** GIVEN DATA follows **

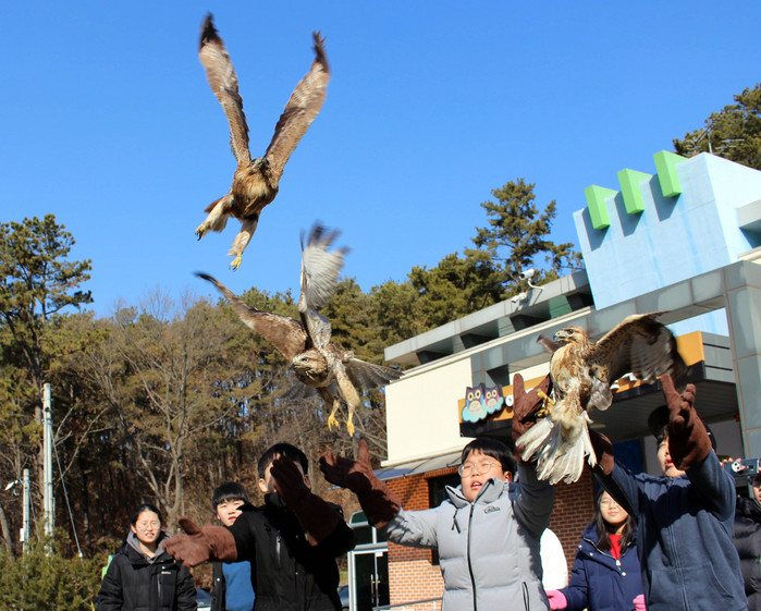 | ▲20일 경기도야생동물구조관리센터에서 학생들이 치료가 완료된 말똥가리를 직접 자연으로 돌려보내고 있다.(경기도 제공) |
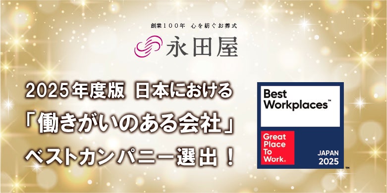 今年で創業112年を迎える、地域密着の葬儀社 株式会社永田屋(神奈川県相模原市、代表取締役田中大輔)は、2025年2⽉12⽇(水)にGreat Place To Workジャパン社(以下、GPTWジャパン)より発表された「働きがいのある会社」ベスト100にランクイン。ベストカンパニーに選ばれたことをお知らせします。
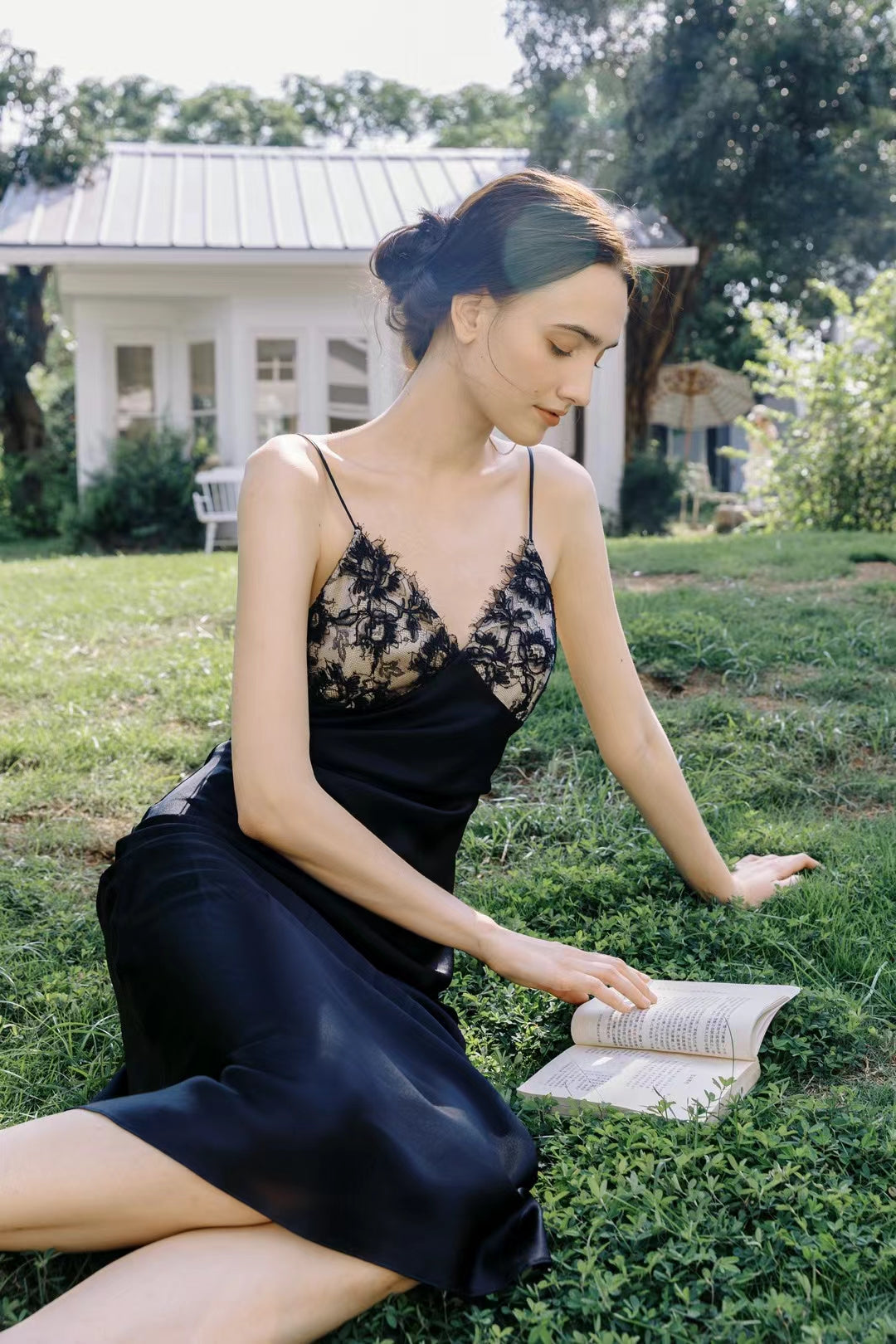 Black Silk Dress Lace Nightgown
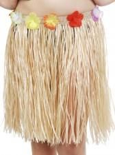 SPÓDNICA HAWAJSKA SŁOMKOWA Spódnica hawajska do tańca hula. Spódnica wykonana z imitacji rafii w kolorze słomkowym. Ozdobiona sztucznymi kwiatkami naokoło pasa. Mocowana na elastycznej gumce w pasie. Obwód w pasie - ok. 68 - 90 cm, długość - ok. 50 cm. Rozmiar uniwersalny. Idealny hawajski atrybut, …
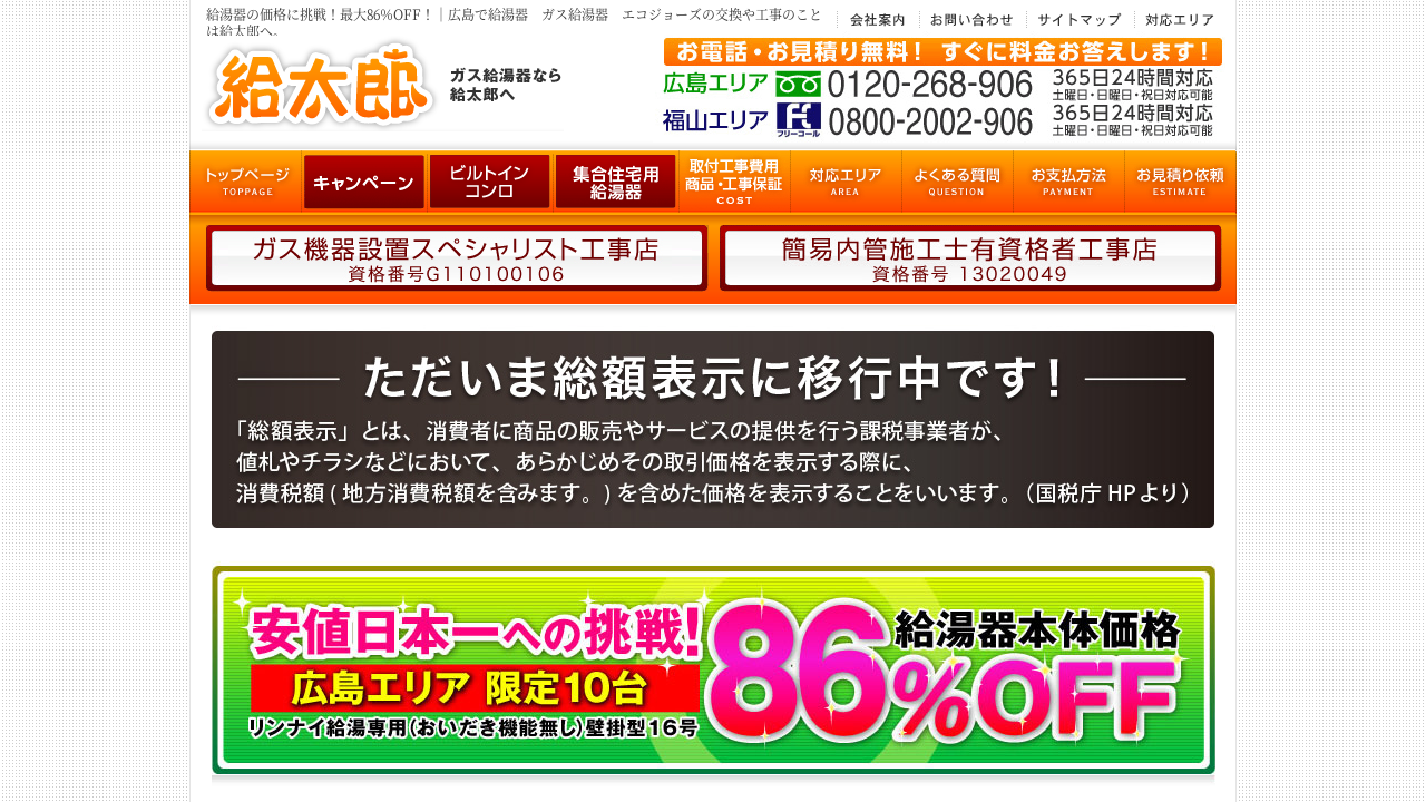 | 対応エリア(ガス給湯器) | 【関東】東京都 ・ 埼玉県 ・ 千葉県 ・ 神奈川県 【東海】三重県 【関西】大阪府・京都府・滋賀県・奈良県・兵庫県・和歌山県 【中国】広島県 |

** End of GIVEN DATA **

Return every record exactly, minus the pictures.

 | ▲20일 경기도야생동물구조관리센터에서 학생들이 치료가 완료된 말똥가리를 직접 자연으로 돌려보내고 있다.(경기도 제공) |
 今年で創業112年を迎える、地域密着の葬儀社 株式会社永田屋(神奈川県相模原市、代表取締役田中大輔)は、2025年2⽉12⽇(水)にGreat Place To Workジャパン社(以下、GPTWジャパン)より発表された「働きがいのある会社」ベスト100にランクイン。ベストカンパニーに選ばれたことをお知らせします。
 Black Silk Dress Lace Nightgown
 SPÓDNICA HAWAJSKA SŁOMKOWA Spódnica hawajska do tańca hula. Spódnica wykonana z imitacji rafii w kolorze słomkowym. Ozdobiona sztucznymi kwiatkami naokoło pasa. Mocowana na elastycznej gumce w pasie. Obwód w pasie - ok. 68 - 90 cm, długość - ok. 50 cm. Rozmiar uniwersalny. Idealny hawajski atrybut, …
 | 対応エリア(ガス給湯器) | 【関東】東京都 ・ 埼玉県 ・ 千葉県 ・ 神奈川県 【東海】三重県 【関西】大阪府・京都府・滋賀県・奈良県・兵庫県・和歌山県 【中国】広島県 |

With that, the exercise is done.